Q&A: New College of Education Dean Sheryl Feinstein


Sheryl Feinstein arrived at UNK on April 25 as the new dean of the College of Education. Here’s an interview:

UNK News: As you’re settling in and getting to know UNK and the College of Education, what are your first impressions?

Sheryl Feinstein: I’m struck by how very welcoming the faculty and staff are at UNK. I have to say it’s rare that you meet a community that makes you feel so welcome from the very start. It’s actually extended beyond UNK to the community of Kearney. I absolutely appreciate it. Everyone is very committed to UNK. It’s great to see this type of pride. I think the campus is beautiful. I was lucky to come at the time I came when it is so green. It’s lovely to walk the campus.


UNK News: You spent 16 years at Augustana College (Sioux Falls, S.D.). How did your experiences there prepare you for this new role at UNK, and was it hard to leave?

Sheryl Feinstein: I was chair of a number of programs, and they were structured differently, with the department chairs taking on more responsibility. I was in charge of six different programs: Elementary education, secondary ed, special ed, deaf and hard of hearing, communication disorders and sign language interpreting. Many of those translate easily into UNK’s College of Education. I also worked a lot with our human performance department, so now I’m pleased to get to work with faculty where that’s their focus. I love the mind and body – it’s a powerful combination.

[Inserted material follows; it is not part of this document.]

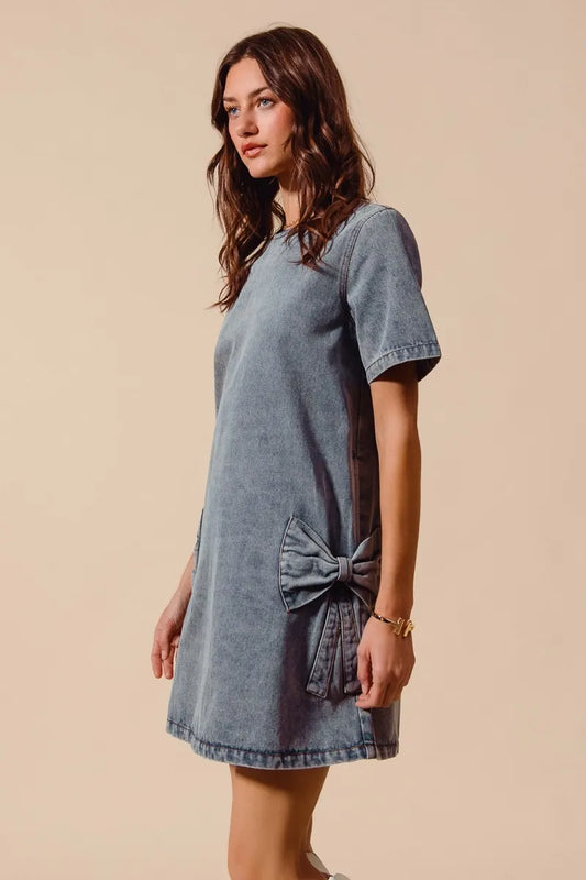 A Line Fit and Flare Diamond Bow Ribbon Denim Dres

Yes it was hard to say goodbye. I had a great deal of administrative support there. A lot of faculty support, a lot of friends (laughing) …There were a number of going-away parties. I felt I was on a goodbye tour. Sometimes it’s time for a change and time for new challenges. That’s where I was in my life. There were things about UNK that drew me here. The footprint the College of Education has here in the state is big and that’s exciting. The whole ‘Difference Makers’ story of UNK fits in to what we’re doing here, and into the field of education. To be a part of that is exciting.


UNK News: Your academic research and publishing is on adolescence and cognitive processes. This sounds fascinating.

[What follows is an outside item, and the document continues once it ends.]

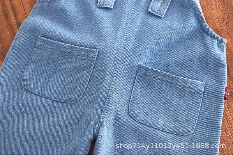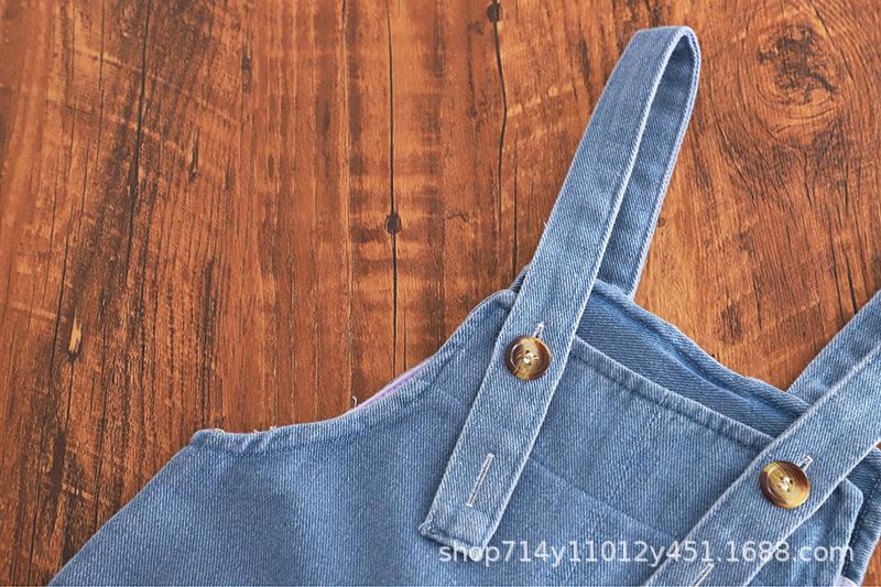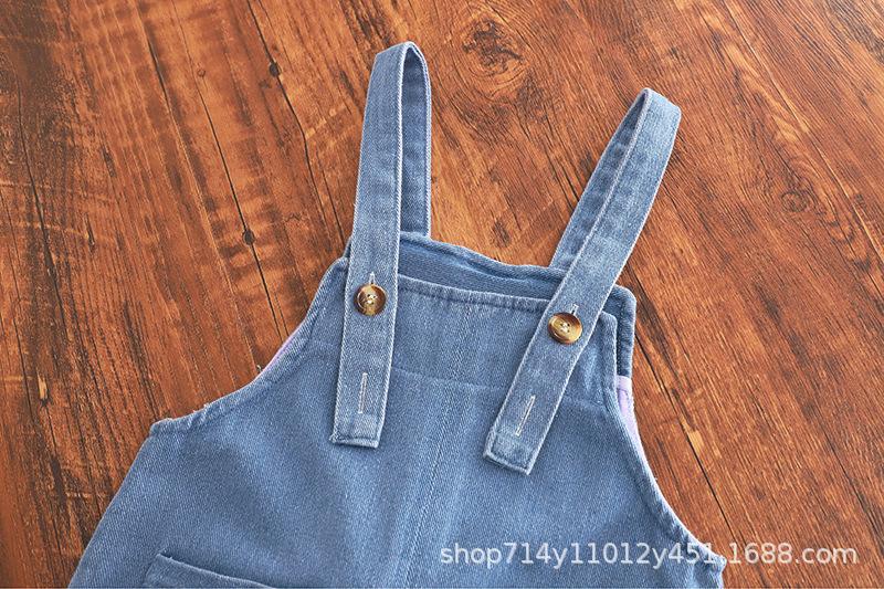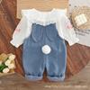 Long Sleeve Embroidered Rabbit Overalls Set Blue

Sheryl Feinstein: Yes, this is the focus of my scholarly work. I’ve done research with middle school after-school programs, and we found once we started these programs, adolescent crime went down 52 percent immediately because of the additional supervision. This was an exciting discovery. I was also able to do research in Tanzania on adolescents, and along with that I’ve done a quite a bit on children and adults with special needs. One of the books I wrote was about women in Tanzania with chronic illness and disabilities. I have a great deal of interest in helping under-represented populations. One population in particular has been adolescent boys in correctional facilities.

One of my books is “At-Risk Teenagers,” and so I’ve done a great deal of work with that population and with Native American adolescents. It’s interesting that just this last week I had southern legislators ask me to come speak to them at a conference in Savannah to talk about teenagers. I also had a request from a group in Ohio, where they are experiencing a problem with suicides. Teenagers went to the school’s parenting group after reading my book and asked them to have me come. I’m going there in October. How could I not make that work?

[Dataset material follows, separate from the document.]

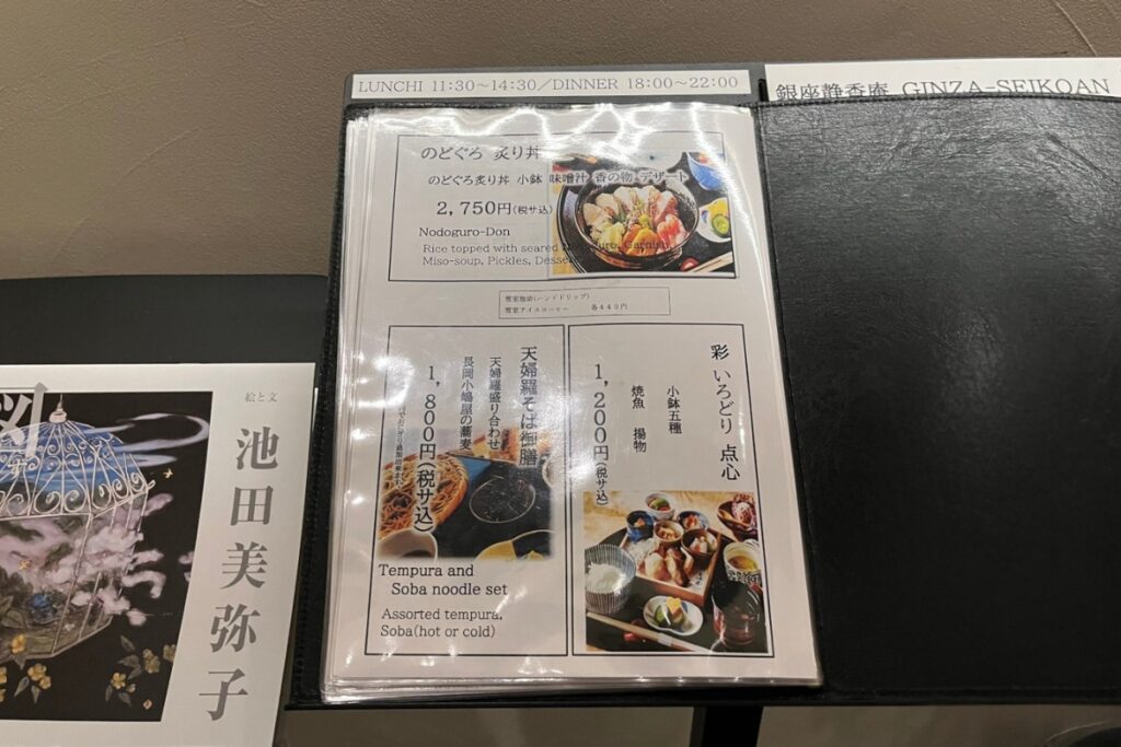 そこにはメニューも置かれていて、「彩点心(1,200円)」の文字がしっかり掲載されていました。税サ込みです。それを見て、まずはほっとひと安心。

UNK News: In Aberdeen (S.D.) and Luverne, Minn., where you were working on your Ph.D, you worked with public school systems. We know schools are facing many challenges today. How do you see your role as dean of one of Nebraska’s top producers of educators helping to meet these challenges?

Sheryl Feinstein: I see myself as needing to be an advocate of all the stakeholders:  our undergraduate and graduate students, K-12 students, and the faculty and staff here in the COE. It is very challenging to be a teacher or administrator in this day and age.  The realities are that we have national and state initiatives that we need to abide by. Society is asking school systems to be very accountable to them. That’s fair, but we need to keep our focus on what is helpful and best for the students. We’ve seen a lot of bashing of educators. I don’t think you bash people to greatness. I believe educators deserve a different tack.

I think Nebraska’s done a good job of being cautious as they adopted more standardized tests… taking these steps carefully. I want (policies and testing) to be well-thought-out. Not jumping on bandwagons. It’s a balance. Assessments need to be done, however, we want to make sure they enhance, not hinder students and learning.


UNK News: Just prior to moving to Kearney you were on a Fulbright fellowship in Moldova. What was that experience like?

Sheryl Feinstein: My first Fulbright actually was seven years ago in Tanzania. Recently, because of issues in Ukraine, Moldova has become a hotspot and there was a lot more interest in educational research and outreach there. Also Unicef had come in with a strong recommendation on what needed to be done in their schools, and Moldova was interested in implementing Unicef’s ideas. I enjoyed having those conversations with them. I also taught in their master’s programs, which was interesting because often I had to have translators which made it a bit more challenging. But they were very eager to have an American on faculty. From my Moldovan fellowship I co-authored two different research articles that were published in Romania. I collaborated with a Moldovan professor on both and then we were able to involve a professor from Tanzania in one of the articles. A Moldovan woman and I wrote a children’s book about a little girl who discovers she wants to be an engineer, “Diana the Engineer.” I’m particularly excited about this book, our intention is to donate 500 copies to the various schools and libraries in Moldova.


UNK News: Free time. Do you have any? How do you like to spend it?

Sheryl Feinstein: I like to exercise and read books. Those are probably the two hobbies I enjoy most. Getting together with friends is nice and I have 4 grown children that I am very proud of, so I greatly enjoy visiting them and having them visit me.


UNK News: We think you look pretty good in Loper blue.

Sheryl Feinstein: At Augustana, the colors were blue and gold! It’s good that I love those colors!